Filippo della famiglia dei Bruni assunse il nome di Giordano entrando a 17 anni nel convento di S. Domenico a Napoli. Sospettato di eresia, riparò a Roma (1576), di qui, deposto l’abito ecclesiastico, andò peregrinando di città in città; fu a Ginevra (1579), dove per alcuni mesi abbracciò il calvinismo, a Tolosa, a Parigi (dove pubblicò nel 1582 il De umbris idearum e la commedia il Candelaio), in Inghilterra (1583-1585), dove per alcuni mesi insegnò a Oxford e pubblicò a Londra, con il finto luogo di Parigi e di Venezia, Cena de le ceneri, De la causa principio et uno, De l’infinito universo et mondi, Spaccio de la bestia trionfante (1584), De gli eroici furori (1585).

Dopo un breve soggiorno a Parigi, passò nell’agosto del 1586 in Germania, e tra il 1590 e 1591 a Francoforte pubblicò i poemi latini De minimo, De monade, De immenso et innumerabilibus. Nel 1591 accogliendo l’invito di G. Mocenigo, si recò a Venezia dove, denunziato come eretico dal suo ospite, fu nel 1592 arrestato dall’Inquisizione e processato. Si dichiarò disposto a fare ammenda, ma, trasferito all’Inquisizione di Roma, e sottoposto a nuovo processo, rifiutò di ritrattarsi, onde fu come eretico condannato al rogo, che egli affrontò impavido a Roma in Campo de’ Fiori. 

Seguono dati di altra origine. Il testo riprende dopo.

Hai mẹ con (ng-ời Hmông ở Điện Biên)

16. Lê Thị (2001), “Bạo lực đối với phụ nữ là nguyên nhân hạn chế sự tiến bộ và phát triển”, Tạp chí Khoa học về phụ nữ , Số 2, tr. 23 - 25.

Alla radice della filosofia bruniana può porsi l’intuizione della originaria unità e infinità del tutto, in cui l’uno-Dio, infinito in un solo atto, si riverbera e moltiplica in infinite sussistenze attraverso un processo di discesa necessario e immanente alla stessa natura divina. Anche nel campo letterario egli è tra coloro che preannunciano, nell’ultimo Cinquecento e nel primo Seicento, la letteratura più moderna. Si pone, risolutamente, in nome della libertà del poeta e dell’uomo, contro le regole letterarie esterne, ricavate ai suoi tempi dalla Poetica di Aristotele, contro le imitazioni, in particolare del Petrarca; inizia la violenta satira contro il pedante, cioè contro l’erudizione fine a sé stessa e la letteratura paga di semplici esornamenti. Rozzo, dialettale, sovente contorto e torrenziale, esprime tuttavia, spesso con rara potenza nella satira o nella esaltazione intellettuale, la sua ansia di dignità e di verità.

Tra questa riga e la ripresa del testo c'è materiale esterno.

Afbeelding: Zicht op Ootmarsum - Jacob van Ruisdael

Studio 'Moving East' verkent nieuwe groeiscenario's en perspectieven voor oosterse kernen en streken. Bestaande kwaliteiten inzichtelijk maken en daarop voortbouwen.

Veniamo però al passaggio che mi aveva tanto colpito da conservarlo:

Quantumque non sia possibile arrivar al termine di guadagnar il palio: correte pure, e fate il vostro sforzo, in una cosa de sì fatta importanza, e resistete sin all’ultimo spirto. (…) Non solo è degno d’onore quell’uno ch’ha meritato il palio: ma ancor quello e quel altro, ch’a sì ben corso, ch’è giudicato anco degno e sufficiente de l’aver meritato, ben che non l’abbia vinto.

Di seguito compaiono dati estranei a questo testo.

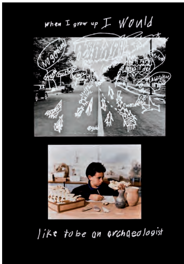
42. Archeologist , 1990

Dal 1971 ha esposto in diverse gallerie e musei in Italia, Europa, Stati Uniti, Messico e Canada.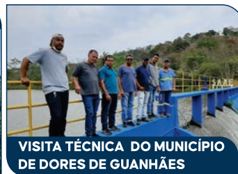
VISITA TÉCNICA DO MUNICÍPIO DE DORES DE GUANHÃES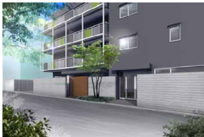
< 完成予想CG >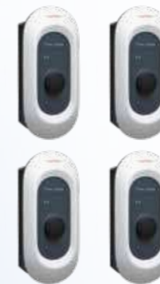
4 x Honda power charger S

Che cosa ci vuole dire il filosofo nolano? Provo a elencarne qualche significato per applicarlo alla nostra attività di scrittura:

– che gli obiettivi raggiunti facilmente e senza sforzo, o anche portati a compimento con frettolosità, hanno poco o nullo valore;
– che l’importante non è vincere, ma saper correre fino alla fine senza farsi scoraggiare e senza aspettarsi poste in palio;
– che bisogna gareggiare con onestà e senza mezzi e sostegni illeciti che arricchiranno le nostre tasche, ma non ci arricchiranno lo spirito;
– che non soltanto il vincitore è degno di lode e d’onore, ma anche chi ha gareggiato fino alla fine;

…e, aggiungerei, che non bisogna guardare sempre quello che fanno gli altri, ma andare avanti dritti per la propria strada.


La tentazione di Sant’Antonio
di Salvador Dalì (1946)
Musée des Beaux-Arts di Bruxelles

Quante volte abbiamo discusso di quanto sia difficile il mondo editoriale per chi non abbia contatti o conoscenze, e di come apparentemente raggiungano la celebrità sempre i soliti noti e non per merito?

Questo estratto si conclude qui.